A particle is moving in a straight line with velocity $v$ m s$^{-1}$ at time $t$ seconds as shown by the graph below - AQA - A-Level Maths: Mechanics - Question 15 - 2020 - Paper 2

To apply the trapezium rule, we first identify the interval and the corresponding $y$-values based on the graph:

• We divide the interval [$20, 100$] into four equal strips, giving us a strip width of: $h = \frac{100 - 20}{4} = 20$

• The $x$-values (time) are: $20, 40, 60, 80, 100$.

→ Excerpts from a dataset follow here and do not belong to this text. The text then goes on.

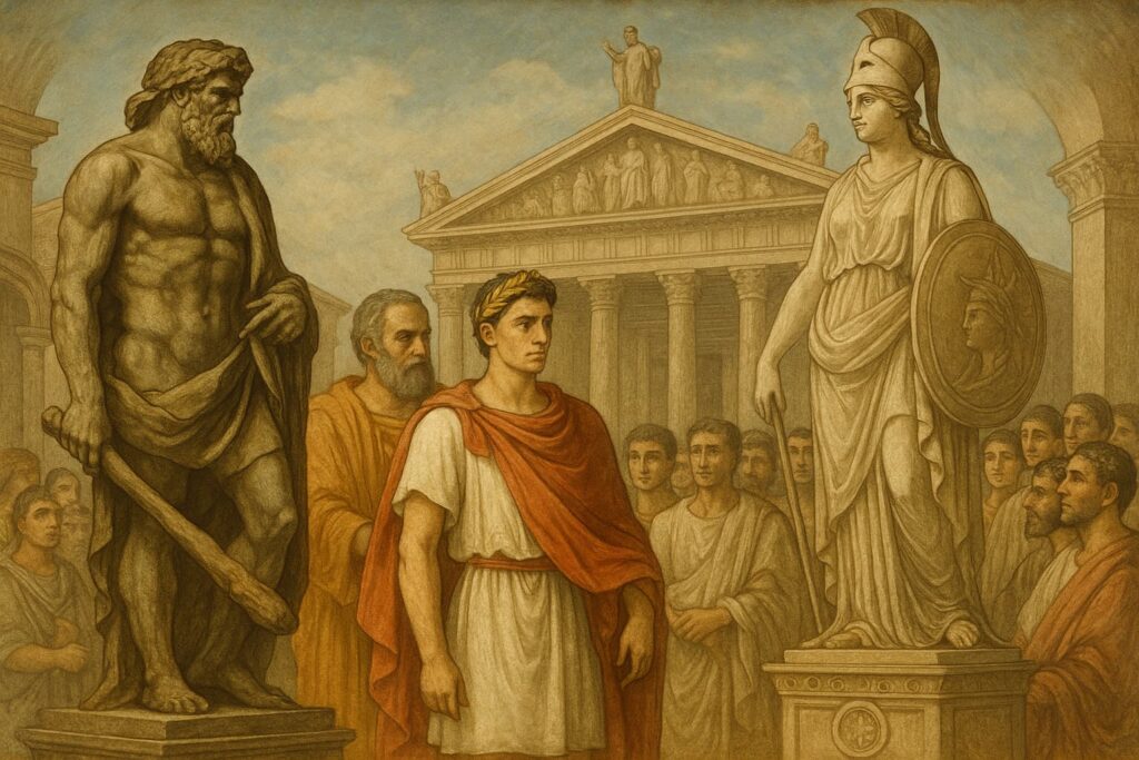 Ainsi, dès ses origines, Rome ne pense pas son autorité dans un vide latin, mais dans un cadre culturel grec déjà structuré : le pouvoir comme équilibre entre la force, la sagesse et la piété.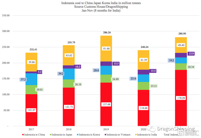 (印尼1-11月份对中日韩越印煤炭出口)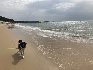 Prachtig strandje, kite surfers in de weer en aan dit strand staan vele huizen met hun tuin grenzend aan het strand. Lijkt heerlijk, maar als je denkt aan de zeespiegel stijging....mwah...haha! Maar voor nu is het heerlijk. Taeke geniet en kwispelt alleen maar. En we vinden zelfs nog heuze "beach art" 😂 Vanaf dit strand zie je in de verte ook de Dune du Pilat liggen.
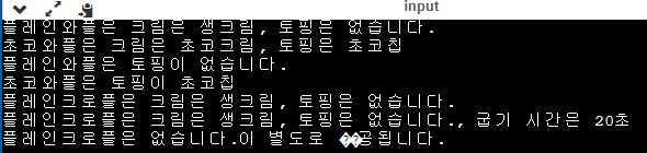 print(f'{menu}은 크림은 {cream}, 토핑은 {toping}, 굽기 시간은 {baketime}')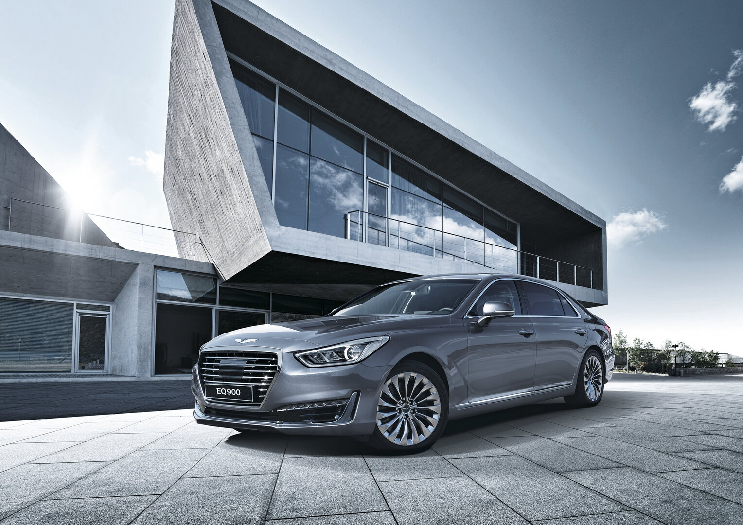 Der Genesis G90 ist als Limousine für das Premiumsegment konzipiert und mit einer Formensprache entworfen, die als „Athletische Eleganz“ bezeichnet wird. Die Front des G90 ist durch Gestaltungsmerkmale der Genesis-Familie wie den „Crest“-Grill und das Markenemblem geprägt. Die Motor-haube ist langgezogen, kurze Überhänge betonen die Heckantrieb-Architektur. Im Innenraum kommen hochwertige Materialien wie Leder für die Sitze zum Einsatz und verleihen der Limousine eine luxuriöse Anmutung. Das Cockpit ist ergonomisch und bedienfreundlich gestaltet.

• The corresponding $y$-values (velocity) at these points are:

  • $y_0 = 120$ (at $t=20$)
  • $y_1 = 140$ (at $t=40$)
  • $y_2 = 80$ (at $t=60$)
  • $y_3 = 20$ (at $t=80$)
  • $y_4 = 0$ (at $t=100$)

Using the trapezium rule formula:

$\text{Area} \approx \frac{h}{2} (y_0 + 2y_1 + 2y_2 + 2y_3 + y_4)$

Substituting the values:

$\text{Area} \approx \frac{20}{2} (120 + 2(140) + 2(80) + 2(20) + 0)$ $= 10 (120 + 280 + 160 + 40)$ $= 10 \times 600 = 6000$

Thus, the estimated distance travelled by the particle from $20$ s to $100$ s is $6000$ meters.